Stop Believing There Is Ever a Reason to Binge

Do you try to come up with complex reasons for why you binge? You are not alone, and this is a common tendency in all bad habits. In this post, I want to help you shift your perspective in a useful way surrounding your reasons for binge eating, and also help you let go of those reasons.

To stop binge eating, you need to stop believing there is ever a reason to binge.

The brain will provide endless rationalizations for continuing the binge eating habit…until you realize it’s not telling the truth. Justifying habits is part of a universal pattern of the lower brain, and it’s important to know that as long as you are engaging in binge eating, the brain will never stop pointing to emotions, problems, or circumstances as reasons for your behavior.

This is not to diminish anything you’re struggling with, because we are all complex individuals, and no one’s life is simple. You have your own unique tendencies, personality, and history. There are likely some factors that led you into the binge eating habit in the first place, but once you realize it’s hurting you, trying to figure out all of the theoretical reasons is not an efficient use of time. Even if you solve for one reason, the brain will provide another and another, because its job is to maintain the habit. Instead, you can learn to dismiss any and all reasons, and take back control. (If you are new to the Brain over Binge approach, you can get my free eBook to help you get started). 

What if my reasons for binge eating are valid?

Until this point, you may think I’m telling you to simply ignore your reasons, and to a large extent, that’s exactly what you need to do. But you may feel that there are certain issues which make it impossible for you to stop binge eating. For example, what if you believe you are acting compulsively because of another issue like ADHD or trauma?

There are definitely factors that can affect your ability to access self-control at times, and I always want you to be compassionate toward yourself for what you are facing. However, I want to challenge you to stop seeing any other issue as a “reason to binge,” and instead start seeing it as a “reason to get additional help in order to stop binge eating.” There are zero conditions that I’m aware of where binge eating is the recommended solution. So, even if you have another condition, get help for that condition, and don’t point to it as a reason to resign to binge eating.

In other words, believing that there is never a reason to binge includes solving for any reason you think is holding you back. Because the truth is, no matter what you are dealing with, binge eating is harming and not helping.

What if it’s helping me emotionally?

You may struggle to let go of emotional reasons for binge eating.
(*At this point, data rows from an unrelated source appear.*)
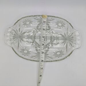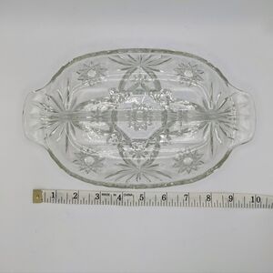 Excellent condition vintage relish dish. Beautiful pressed glass with a mid-century modern design esthetic.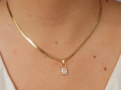 Colar fita com pingente retangular cristal banhado em ouro 18k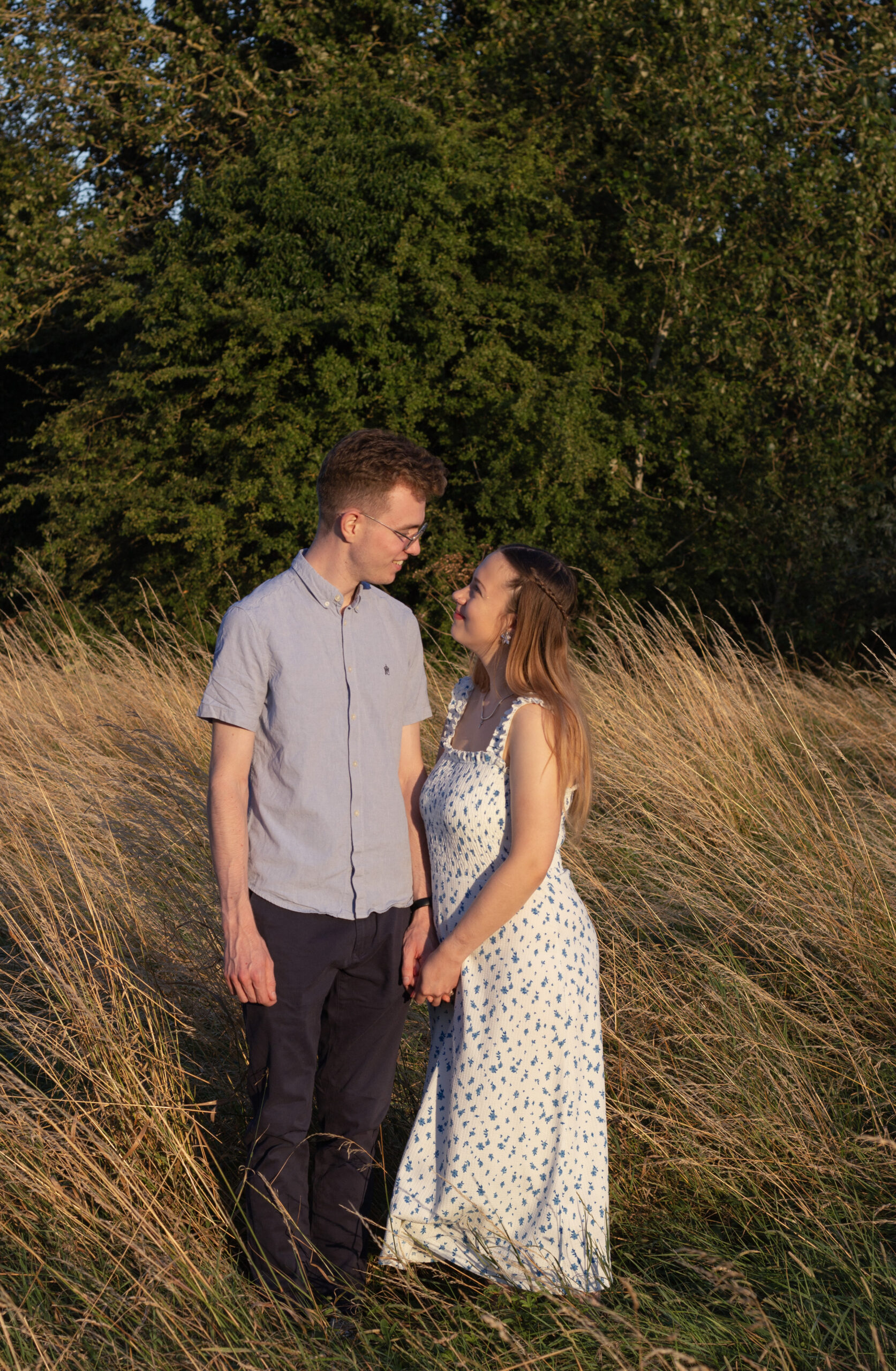 For this shoot, I threw in an additional evening slot, in advance of seeing heavy cloud forecast for the following morning, which was the original engagement photoshoot booking. We tracked the sunset to their local meadow and arrived in time for golden hour. On other photoshoots, I’ve had to adapt to extreme snow or heavy downpours. Often, these weather changes can lead to unique moments that I am able to capture thanks to being prepared with good gear, adaptable settings and an enthusiasm to make the most of it.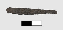 | Description: | Two fragments joining. Part of the shaft, the head and point lacking. Square in section tapering toward one end. 4.0gr | |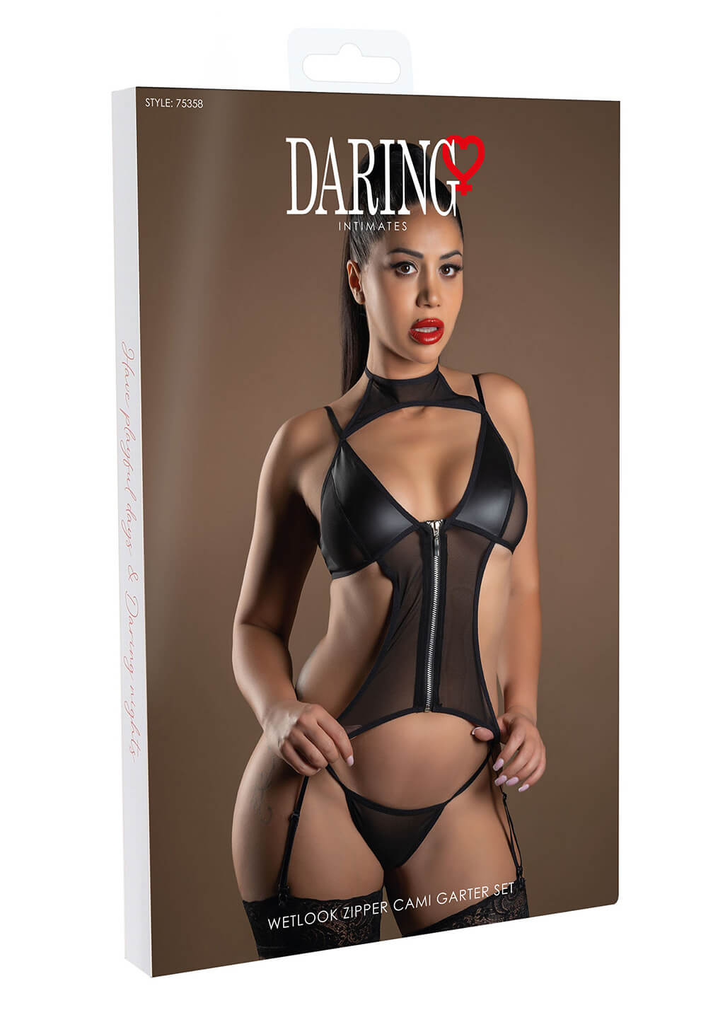 Seducente, audace, indimenticabile: il Wetlook Zipper Cami Garter Set è l’alleato perfetto per chi vuole osare e conquistare con eleganza.
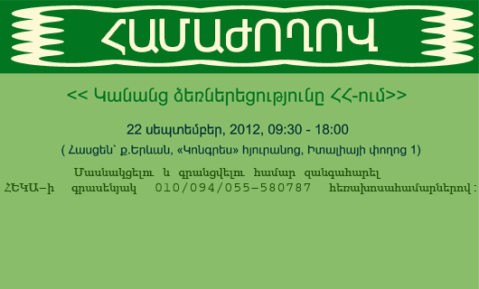 Համաժողովին մասնակցելու համար կարող եք գրանցվել` զանգահարելով ՀԵԿԱ գրասենյակ` 010/94/55 58-07-87 հեռախոսահամարներով: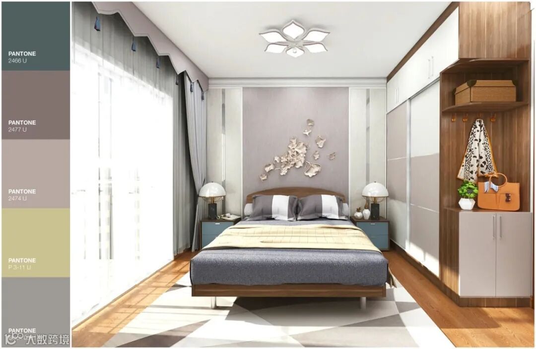 主卧主要以温馨浪漫为主,以香芋紫色为主色,以灰蓝色、黑色、青灰色为辅色,加入蓝色和金色作为点缀,增加设计中沉稳奢华的元素,带来不一样的优雅与质感。

Mainstream therapy and also the culture as a whole perpetuates the idea that binge eating is about meeting emotional needs or coping. It’s appealing to believe this, because when we are engaging in a behavior that feels so out of line with our true self, we naturally want to feel like that behavior “makes sense” in some way. Emotions are easy to blame because they are readily available; we are full of difficult emotions daily, and even on our good days, it’s always possible to point to an emotion as the reason.

This is not specific to binge eating. We all want to feel like we have deeper reasons for doing things that we know are destructive, and there’s certainly a place for self-analysis. But when you want to quit binge eating, it’s time to stop analyzing and to start believing that you can avoid the behavior no matter what. The reality is that binge eating does not actually help with emotions, it makes them worse in the long run, and gives you additional negative emotions. Binge eating increases shame, anxiety, depression, loneliness, despair, and fear. It also makes us less able to deal with the other problems in our lives. Even if binge eating brings some temporary distraction or escape from feelings in the moment of bingeing, it isn’t worth it.

Letting go of reasons for binge eating means letting go of the illusion that binge eating is doing anything truly helpful for you.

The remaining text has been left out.